Kallala (Migration)
[2019] AATA 5993
•19 August 2019
Kallala (Migration) [2019] AATA 5993 (19 August 2019)
DECISION RECORD
DIVISION:Migration & Refugee Division
APPLICANT: Mr Vivek Kumar Reddy Kallala
CASE NUMBER: 1832846
HOME AFFAIRS REFERENCE(S): BCC2018/3737651
MEMBER:D. Triaca
DATE:19 August 2019
PLACE OF DECISION: Melbourne
DECISION:The Tribunal affirms the decision to cancel the applicant’s Class TU visa.
Statement made on 19 August 2019 at 5:30pm
CATCHWORDS
MIGRATION – cancellation – Student (Temporary) (Class TU) visa – Subclass 573 Higher Education Sector – Information Technology – Commercial Cookery – not enrolled in registered course for 11 months – enrolment cancelled – unsatisfactory attendance – language difficulties – financial difficulties – illness in family – emotional issues – lack of academic progress – failed to take steps to remedy situation –decision under review affirmed
LEGISLATION
Migration Act 1958 (Cth), s 116
Migration Regulations 1994 (Cth), Schedule 8, Condition 8202
CASES
Boettcher v Driscoll (2014) SASC 86
de Angelis v de Angelis [2003] VSC 432
Dimic v Djekovic (2014) NSWSC 1502
Paduano v Minister for Immigration and Multicultural and Indigenous Affairs (2005) 143 FCR 204STATEMENT OF DECISION AND REASONS
APPLICATION FOR REVIEW
This is an application for review of a decision dated 1 November 2018 made by a delegate of the Minister for Home Affairs to cancel the applicant’s Subclass 573 Higher Education Sector visa under s.116(1)(b) of the Migration Act 1958 (the Act).
The delegate cancelled the visa on the basis that had not been enrolled in a registered course of study since 27 April 2018. The issue in the present case is whether that ground for cancellation is made out, and if so, whether the visa should be cancelled.
The applicant appeared before the Tribunal on 14 August 2019 to give evidence and present arguments.
The applicant was represented in relation to the review by his registered migration agent who made submissions on behalf of the applicant.

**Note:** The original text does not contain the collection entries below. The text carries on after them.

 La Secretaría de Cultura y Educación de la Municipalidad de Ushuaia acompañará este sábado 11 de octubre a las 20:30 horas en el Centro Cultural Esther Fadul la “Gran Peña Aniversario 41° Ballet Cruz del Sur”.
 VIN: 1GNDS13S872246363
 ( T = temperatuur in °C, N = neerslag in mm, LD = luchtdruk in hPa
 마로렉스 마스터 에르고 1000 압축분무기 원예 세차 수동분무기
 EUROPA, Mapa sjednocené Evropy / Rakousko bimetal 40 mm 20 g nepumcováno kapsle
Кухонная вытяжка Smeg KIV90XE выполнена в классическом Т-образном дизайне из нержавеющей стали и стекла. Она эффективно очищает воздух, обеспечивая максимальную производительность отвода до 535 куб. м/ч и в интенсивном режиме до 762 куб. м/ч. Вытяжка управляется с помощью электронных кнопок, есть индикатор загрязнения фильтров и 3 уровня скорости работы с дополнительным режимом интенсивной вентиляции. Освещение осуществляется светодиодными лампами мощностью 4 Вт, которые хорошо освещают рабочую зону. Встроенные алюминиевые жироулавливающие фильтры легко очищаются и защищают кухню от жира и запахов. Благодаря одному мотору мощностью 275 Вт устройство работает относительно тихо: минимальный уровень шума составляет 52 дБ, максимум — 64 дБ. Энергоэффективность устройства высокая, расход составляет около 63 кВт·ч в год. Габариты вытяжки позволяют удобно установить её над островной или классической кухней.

For the following reasons, the Tribunal has concluded that the decision to cancel the applicant’s visa should be affirmed.
CONSIDERATION OF CLAIMS AND EVIDENCE
The issue in the present case is whether the applicant, as the holder of a student visa, has breached condition 8202 of Schedule 8 to the Migration Regulations 1994 (the Regulations). If the applicant has breached that condition, under s.116(1) of the Act, the visa may be cancelled.
Did the applicant comply with Condition 8202?
Condition 8202, as it applies in this case, is set out in the attachment to this decision. Relevantly, it requires that the applicant:
•be enrolled in a registered course, or in limited cases, a full time course of study or training: 8202(2)
•has not been certified by his or her education provider, as not achieving satisfactory course progress as specified: 8202(3)(a), and
•has not been certified by his or her education provider, as not achieving satisfactory course attendance as specified: 8202(3)(b).
In the present case, the applicant’s visa was cancelled on the basis the applicant was not enrolled in a registered course.
The delegate’s finding was based on a report from the Provider Registration and International Student Management System (PRISMS) that stated the applicant had not been enrolled in a registered course of full time study since 16 November 2017. The delegate identified the relevant period from 16 November 2017 to 1 November 2018 as being the period in which the applicant was not enrolled in a registered course of study. This amounted to approximately 11 months during which the applicant was in continuous breach of the conditions of his visa.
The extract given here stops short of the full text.